À travers le SAWAP, ce sont 5 894 institutions africaines qui ont renforcé leurs capacités d’adaptation, avec des retombées directes pour 14,9 millions de bénéficiaires — une mobilisation qui nous incite encore plus à agir.


En Éthiopie (a), où des programmes de restauration des terres à grande échelle sont déjà en cours, le pari de l’innovation est payant. Les autorités ont mis en place un dispositif de délivrance de certificats fonciers et de campagnes de vulgarisation agricole destiné à des jeunes sans terres en échange de la réhabilitation de terrains communaux dégradés. Cette initiative a permis de fournir des emplois et des moyens de subsistance aux jeunes, en les aidant à gagner leur autonomie et en leur offrant une alternative à la migration. Elle a aussi permis de diversifier et rééquilibrer les usages concurrents des terres et d’améliorer la résistance des zones productives au changement climatique. Plus de 740 groupes de jeunes, représentant plus de 15 000 personnes dont 40 % de femmes, en ont bénéficié et, à condition de disposer des financements appropriés, 100 000 jeunes sans terres pourraient en profiter.
 
Au Ghana, une série de projets de la Banque mondiale axés sur la gestion durable des terres a développé une approche en trois phases, qui ont permis d’étendre progressivement la portée des interventions. Il s’agissait de relier des habitats fragmentés dans des aires protégées, des réserves forestières, des zones boisées, des paysages agroforestiers, des pâturages et des terres de culture. À ce jour, plus de 14 000 usagers des sols ont adopté des mesures de conservation dans 150 collectivités.

Au Burkina Faso, un projet de gestion intégrée des écosystèmes des plaines et des basses-terres a été l’un des premiers à introduire la notion de biodiversité dans des paysages productifs. Pour les 180 villages concernés, cela a créé une dynamique communautaire en faveur de la gestion durable des ressources naturelles au niveau des micro-bassins versants, grâce à des incitations, la mise en place d’un cadre d’investissement et des systèmes valorisant le savoir-faire individuel et collectif.

Renforcer la dynamique
 
La rencontre avec les pays du SAWAP a bien souligné la nécessité de redoubler d’efforts pour entretenir la dynamique, démultiplier les expériences réussies et affronter les nouveaux défis climatiques. À travers son « business plan » pour le climat en Afrique, la Banque mondiale s’est donné un instrument de mobilisation rapide de l’aide en faveur de la résilience du continent. L’un des piliers du plan (les investissements dans des paysages à l’épreuve des chocs climatiques) prévoit de mobiliser 755 millions de dollars dans ce but d’ici 2024.

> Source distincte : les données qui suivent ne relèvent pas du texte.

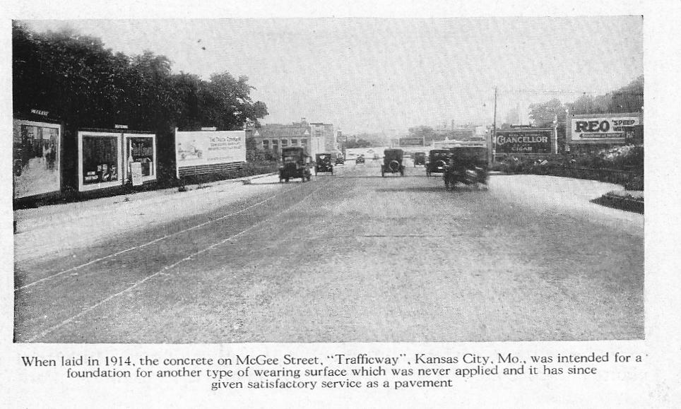 Concrete Streets for Your Town, Concrete for Permanence is a substantial sales vehicle for using concrete to modernize U.S. towns and cities and is not surprisingly produced and distributed by the Portland Cement Association. There is no date of publication, but the the feel of the pamphlet plus the images of the vehicles and the dress of the few people represented in the many photos of concrete-improved streets place this around 1922 or so. In any event, I was attracted to this pamphlet by the images, not the least of which is the cover, which so (in its no-doubt enhanced whiteness) the newly concretized street grid for Pipestone, Minnesota. There are a number of pictures of bringing certain small-ish cities into the future of paved non-dirt streets, brought to them by concrete. And so That said I've reproduced four images, below (please note that all of the images are expandable and actually become clearer as they get larger):
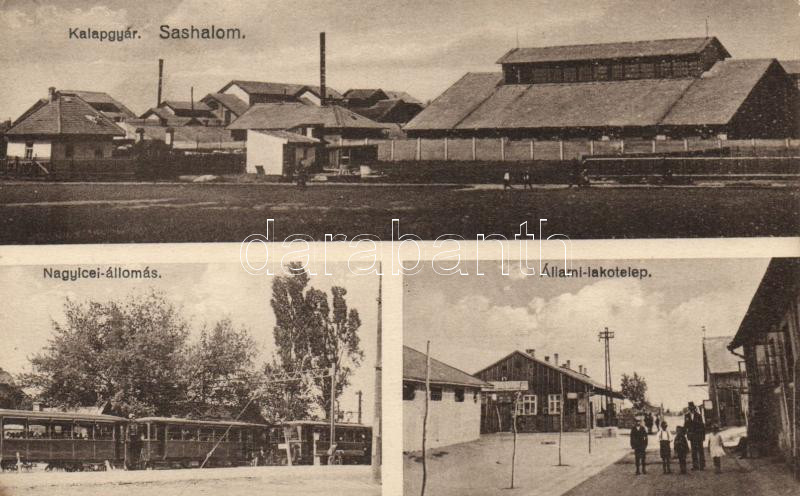 Budapest XVI. Sashalom; kalapgyár, Nagyicei állomás, állami lakótelep https://www.darabanth.com/de/15-Gross-Auktion/15.1/Ansichtskarten-Ungarn/Ungarn~4538/Budapest-XVI-Sashalom-kalapgyar-Nagyicei-allomas-allami-lakotelep~II602392
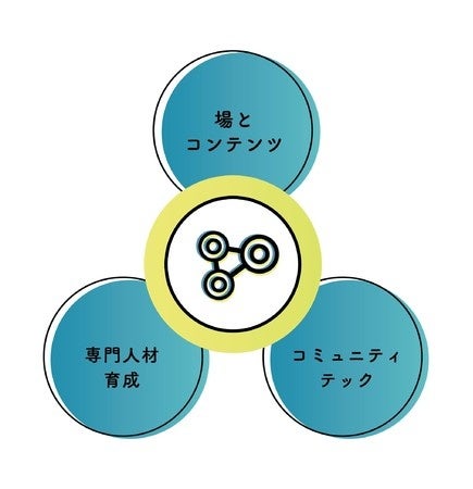 ます。①場とコンテンツ、②専門人材育成、③コミュニティテック、の3
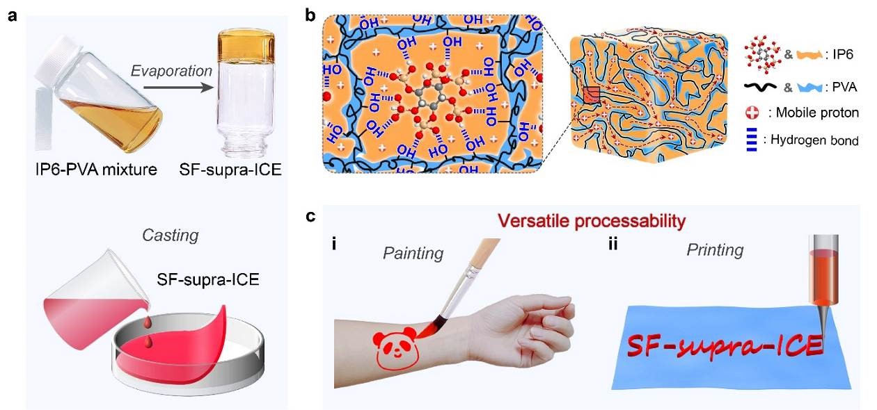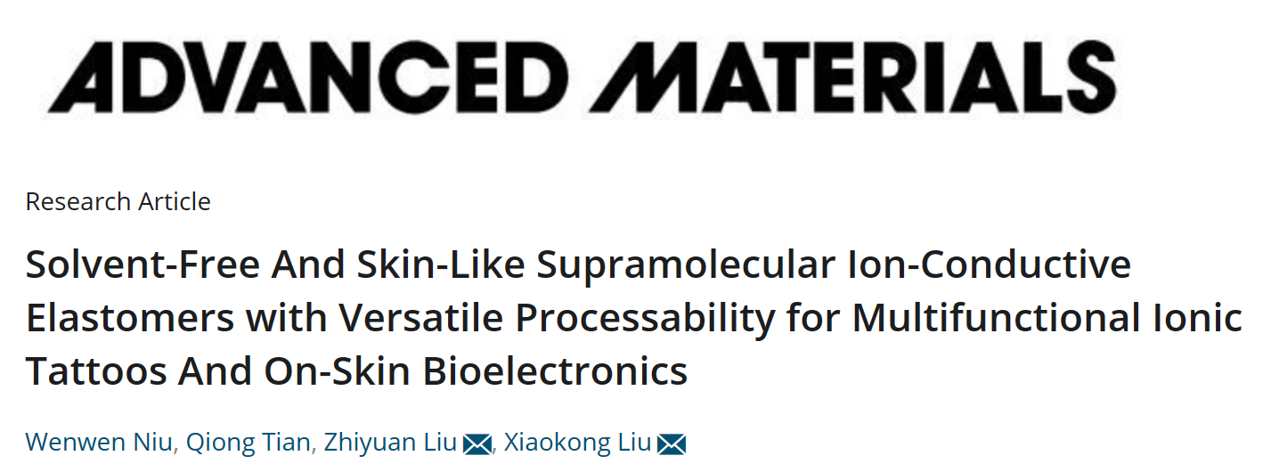 刘小孔教授课题组和深圳先进院刘志远研究员合作提出了超分子封装的理念,利用生物相容性的PVA通过高密度氢键交联对可电离的天然无毒小分子IP6进行封装,发展了兼具服役稳定性与生物安全性的无溶剂超分子离子导电弹性体(solvent-free supramolecular ion-conductive elastomer,SF-supra-ICE)。该弹性体的室温离子电导率高达3.3×10-2S m-1,具有类似皮肤的柔韧性、回弹性和应变诱导硬化特性,同时还具有高透明度、透气性、自粘附性。SF-supra-ICE的制备极为简便,仅由前驱体水溶液经一步自发的水蒸发过程即可得到,可进行多样化的加工成型。将SF-supra-ICE的前驱体溶液作为墨水,通过涂抹、绘制、打印等方式可在人体皮肤上构筑个性化的“离子纹身(I-tattoos)”,进而构建多功能的皮肤电子器件,用于人体电生理信号采集监测、人机交互、精准诊疗等领域。该工作以题为“Solvent-Free and Skin-Like Supramolecular Ion-Conductive Elastomers with Versatile Processability for Multifunctional Ionic Tattoos and on-Skin Bioelectronics”的文章发表于Advanced Materials上。

La transformation des terres arides d’Afrique est possible, mais elle passe par une vision à l’échelle de tout le continent, des engagements solides, de larges partenariats et des financements à la hauteur des enjeux. Sans réhabilitation du milieu naturel et renforcement de la résistance des écosystèmes dont les populations dépendent pour manger, boire et se protéger, l’évolution des moyens de subsistance sera impossible.

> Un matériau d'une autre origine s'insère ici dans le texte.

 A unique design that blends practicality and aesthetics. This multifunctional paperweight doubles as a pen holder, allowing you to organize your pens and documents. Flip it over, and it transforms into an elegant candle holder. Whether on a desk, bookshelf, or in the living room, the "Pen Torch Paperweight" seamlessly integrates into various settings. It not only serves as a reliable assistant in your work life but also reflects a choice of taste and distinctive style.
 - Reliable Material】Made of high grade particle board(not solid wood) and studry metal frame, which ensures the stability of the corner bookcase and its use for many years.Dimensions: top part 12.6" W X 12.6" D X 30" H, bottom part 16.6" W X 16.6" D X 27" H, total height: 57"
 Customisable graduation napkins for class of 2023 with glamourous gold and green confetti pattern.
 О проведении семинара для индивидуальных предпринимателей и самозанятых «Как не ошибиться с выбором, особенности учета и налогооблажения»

Les Objectifs de développement durable des Nations Unies, l’Accord de Paris sur le climat, la mobilisation de la Convention des Nations Unies sur la lutte contre la désertification (a), l’Initiative africaine des paysages résilients (ARLI), l’Initiative pour la restauration des paysages forestiers en Afrique (a) et la déclaration de Windhoek sur la résistance à la sécheresse (a) nous rappellent tous que la collaboration est notre seule chance de succès.